This also makes me question whether we need to have filtering built in - or whether it could be another Logging provider that you would nest other loggers under.

builder.Logging.AddLogFilter( logs =>
{
  logs.AddConsoleLogger();
  Logs.AddXXXLogger();
}

Which would be all managable through config as to what filtering is desired.

cijothomas commented 1 year ago

It would collect information on each log entry passed through it. It would build up a dictionary with each log message, including:

@samsp-msft You'll be to collect information those logs only which were made using the ILogger instances obtained from the same LoggerFactory to which the LoggerProvider was added. I could setup one/many other LoggerFactory instances with different providers, and there is no way to get that information inside the provider you create. (Which is different from Activity/Meter/EventSource - they all allow setting up listeners, so there is way to "hide" anything.)

Tratcher commented 11 months ago

More examples of wanting to emit a specific log from a category: https://github.com/microsoft/reverse-proxy/discussions/2202

halter73 commented 9 months ago

49924 appears to be a special case of this issue.

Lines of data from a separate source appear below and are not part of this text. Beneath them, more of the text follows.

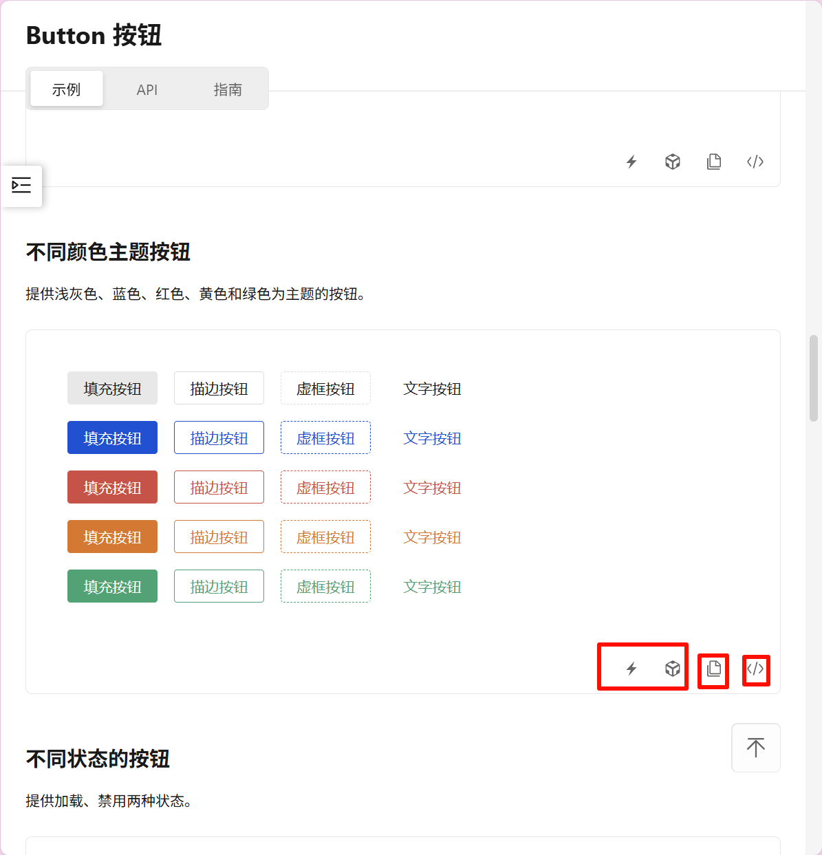 4.1以Button 按钮 为例子,有多种样式选择,还可以自定义渲染元素,此外,下图标红的很好用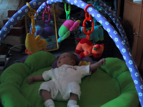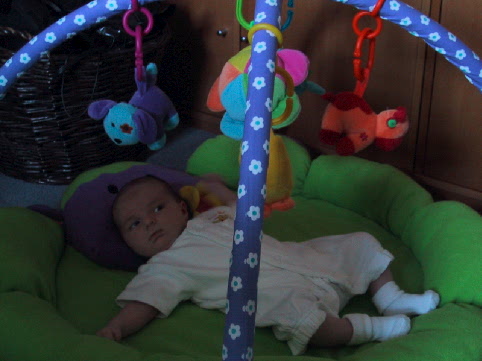 Trapped in her baby Gym, Emily realises the bars might just be wide enough to make an escape bid, and grins cunningly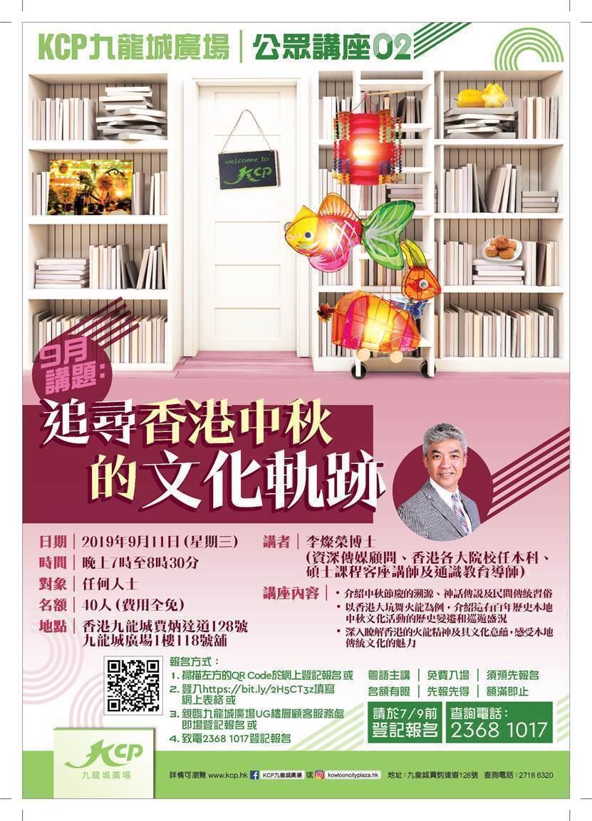 是次九月份的講座主題將與中秋節有關。中秋節於華人社會,有著重要的團圓意 義。同時,在源遠流長的歷史裡,不同地方都流傳著許多有關中秋的神話傳說、風 俗習慣;就以香港為例,其中以最具香港本土特色大坑舞火龍作為活動慶典,這項 有百年歷史的傳統習俗不單是被列入非物質文化遺產;更是一個凝聚本地社區精神 及吸引世界各地遊客參觀的盛事。 關於香港的中秋節風俗,你知道多少呢?如果你對香港的歷史文化、傳統節俗感興 趣,歡迎你參與由 KCP 九龍城廣場舉辦的「追尋香港中秋的文化軌跡」免費講 座,由專業講者李燦榮先生同大家分享舞火龍的歷史變遷和巡遊盛況,並共同探討 及感受本港傳統節慶文化的魅力!

noahfalk commented 6 months ago

I'd like to propose a narrow and more concrete solution to see if we can move this forward. We would add a new API similar to this (I'm not too concerned with exact naming or signature, the proposal is primarily about the general concept and scope):

public static class LoggingFilter
{
    public static void AddDynamicFilter(
        this ILoggingBuilder builder,
        string category, 
        Func<LogLevel, EventId, TState, Exception?, Func<TState,Exception?,string>, bool> filter);
}

Every time ILogger.Log() gets called on an ILogger produced from this ILoggerFactory it would do: 1) [pre-existing behavior] if IsEnabled() is false return without logging 2) [new behavior] call each dynamic filter delegate with matching category prefix, if any of the filters returns false return without logging. 3) [pre-existing behavior] forward the call to registered ILoggerProviders

Some possible usage examples:

// sample a randomly selected 5% of logs
builder.Logging.AddDynamicFilter(null,
    (level, eventId, state, exception, formatter) => Random.Shared.NextDouble() < 0.05);

// only log messages if there is an active Activity which is marked as Recorded
// (distributed tracing sampling rules determine this)
builder.Logging.AddDynamicFilter(null,
    (level, eventId, state, exception, formatter) => Activity.Current?.IsRecorded);

// eliminate a known noisy log message
builder.Logging.AddDynamicFilter("FooCorp.SomeCategoryName",
    (level, eventId, state, exception, formatter) => eventId != UndesiredEventId);

// rate limiting
// assuming some helper rateLimiter object has already been written that keeps track
// of an incrementing count and resets it on a timer
builder.Logging.AddDynamicFilter(null,
    (level, eventId, state, exception, formatter) => rateLimiter.IsNewMessageWithinLimit());

My immediate focus is less on the details and more on getting some agreement about the scope of solution. In particular I am suggesting these things are out of scope for this feature:

JamesNK commented 6 months ago
public static class LoggingFilter
{
    public static void AddDynamicFilter(
        this ILoggingBuilder builder,
        string category, 
        Func<LogLevel, EventId, TState, Exception?, Func<TState,Exception?,string>, bool> filter);
}

I'm not sure TState would work here. Where does the type information come from?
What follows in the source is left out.